Yes, it would become difficult to contribute to certain templates, but most of them have been quite settled as of late. And as was noticed by the vandalism on {{Guild}}, the wiki just becomes overloaded for close to 15~20minutes with each edit. (At least, that's how it looked when the vandalism occurred, and the subsequent change by Anja to protect it.) Having these templates, which aren't fluctuating that much anymore, protected will do more to this wiki than allowing all people to modify them and causing the lag. And after all, people can really easy created a copy of the template in their user namespace and discuss their proposed change on the template's talk page by linking to their proposal. -- CoRrRan (CoRrRan / talk) 17:08, 23 September 2007 (UTC)
Even if they aren't necessarily the problem I don't see any problem protecting them against the chance of vandalim, any changes now are normally subject to a discussion.
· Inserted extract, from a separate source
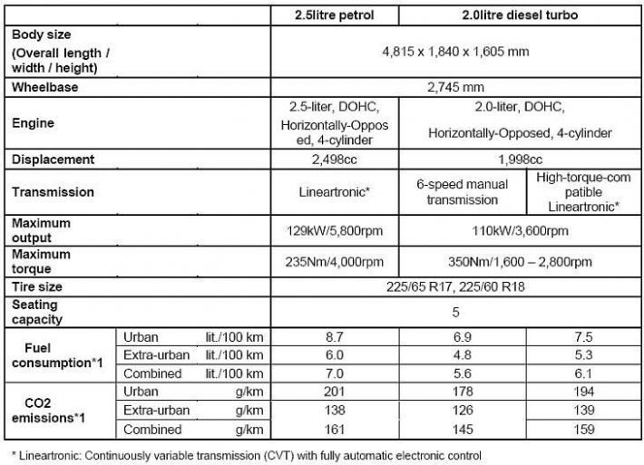 Dizelsku ponudu čini 2,0 litarski bokser turbo motor sa četiri cilindra. Iz obujma 1.998 ccm motor razvija najveću snagu 110 kW (150 KS) pri 3.600 o/min i najveći okretni moment 350 Nm u rasponu od 1.600 fo 2.800 o/min. Za prijenos snage zadužen je Lineatronic mjenjač (CVT mjenjač s bezstupnjevanim prijenosom i punom elektronskom kontrolom) ili ručni mjenjač sa šest stupnjeva prijenosa. Potrošna benzinskog motora s ručnim mjenjačem je u gradu 6,9 l/100km, izvan grada 4,8 l/100km i kombinirano 5,6 l/100km, uz emisiju ugljičnog dioksida od 145 g/km. Potrošna benzinskog motora s Lineatronic mjenjačem je u gradu 7,5 l/100km, izvan grada 5,3 l/100km i kombinirano 6,1 l/100km, uz emisiju ugljičnog dioksida od 159 g/km. Dizelski motor s ručnim mjenjačem do stotke sprinta za 9,7 sekunde i potegne do najveće brzine 200 km/h. A automatskim Lineatronic mjenjačem sprinta za 9,9 sekunde i potegne do 192 km/h.

We could always start a page, requests for changes to protected templates for the admins to watch. --LemmingUser Lemming64 sigicon.png 19:53, 23 September 2007 (UTC)
Oh and also there is {{Location infobox}} --LemmingUser Lemming64 sigicon.png 19:55, 23 September 2007 (UTC)
If we could avoid protecting that just yet, since the formatting isn't finished we need people to polish the infobox too. - anja talk 20:02, 23 September 2007 (UTC)
(Just a note, I've protected all of the above except location for now, as I agree that any modifications should generally be subject to a discussion anyways, or at the very least testing.) Go to Aiiane's Talk page (Aiiane - talk - contribs) 20:07, 23 September 2007 (UTC)
I added {{Guild infobox}} as that is on as many pages as the guild notice is, until we can come up with a better solution. --LemmingUser Lemming64 sigicon.png 23:41, 24 September 2007 (UTC)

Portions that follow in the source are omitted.